Are you able to check this assumption in a real scenario? If not you,
somebody else?
> Let's face it: If you have multiple interrupts pending
> for a significant amount of time you won't make any actual progress in
> the guest, because it's busy with handling interrupts.
> So my picture of LPI handling is:
> 1) A device triggers an MSI, so the host receives the LPI. Ideally this
> will be handled by the pCPU where the right VCPU is running atm, so it
> will exit to EL2. Xen will handle the LPI by assigning one struct
> pending_irq to it and will inject it into the guest.

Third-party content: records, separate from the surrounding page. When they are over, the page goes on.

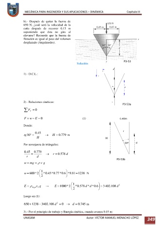 3).- Por el principio de trabajo y Energía cinética, cuando avanza 0.15 m:
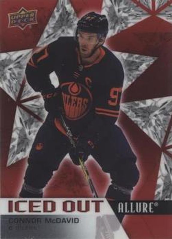 The Connor McDavid 2021 Upper Deck Allure #IO-1 Iced Out card is 1 of 48 Connor McDavid's card variations in the 2021 Upper Deck Allure set being tracked by Sports Card Investor, including Base, Black Rainbow, Blue China, Orange Slice die-cut, and Pink Blue Leopard.
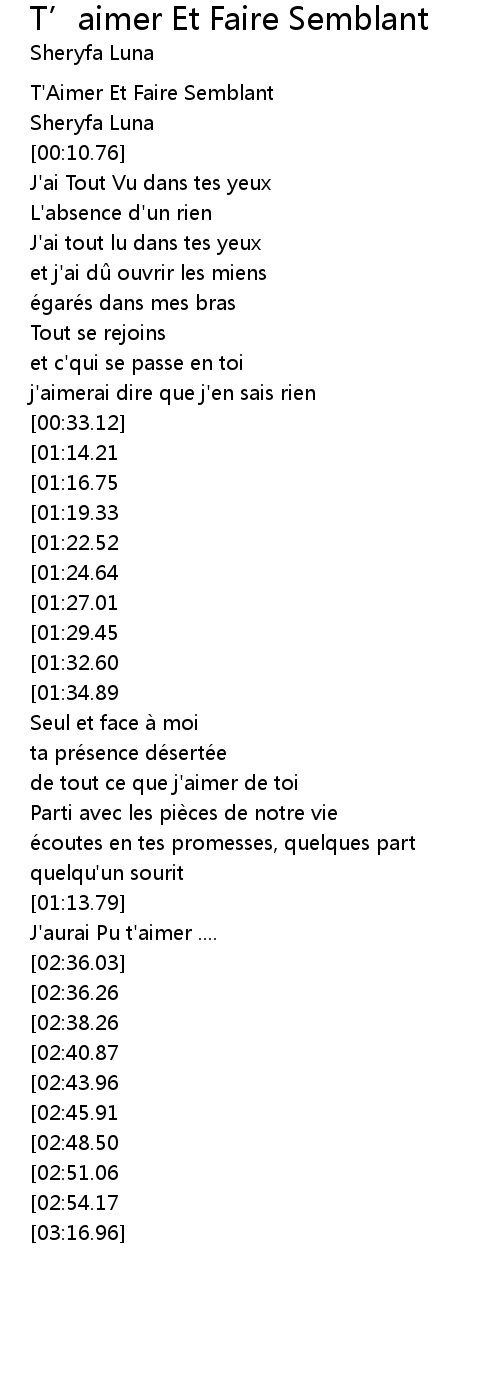 | [02:58.77][02:38.26] | t'aimer et faire semblant |
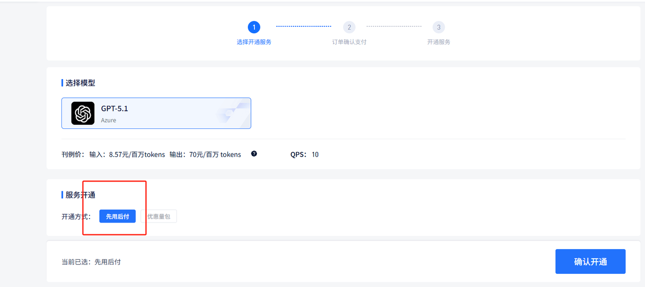 点击之后,来到下面的页面,选择先用后付,确认开通
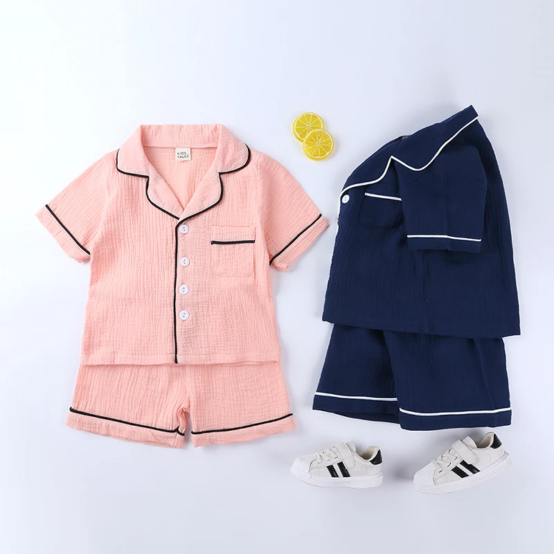 Детские пижамные комплекты для мальчиков и девочек, От 3 до 8 лет, чистый цвет, комплект одежды из хлопка и льна, блуза с короткими рукавами топы + шорты, одежда для сна, пижама
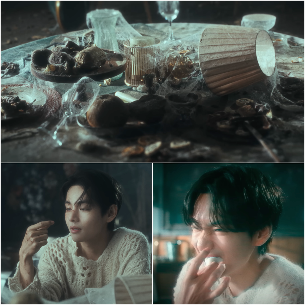 아이유와 뷔는 남루한 행색이다. 얼굴에는 상처가 가득하다. 뷔의 한쪽 눈이 백색이다. 아이유의 입술에는 체인이 걸려있다. 그는 말을 하지 않고 행동으로 소통했다.

> 2) The VCPU gets to run again and calls the interrupt handler, because
> the (virtual) LPI is pending.
> 3) The (Linux) IRQ handler reads the ICC_IAR register to learn the IRQ
> number, and will get the virtual LPI number.
> => At this point the LPI is done when it comes to the VGIC. The LR state
> will be set to 0 (neither pending or active). This is independent of the
> EOI the handler will execute soon (or later).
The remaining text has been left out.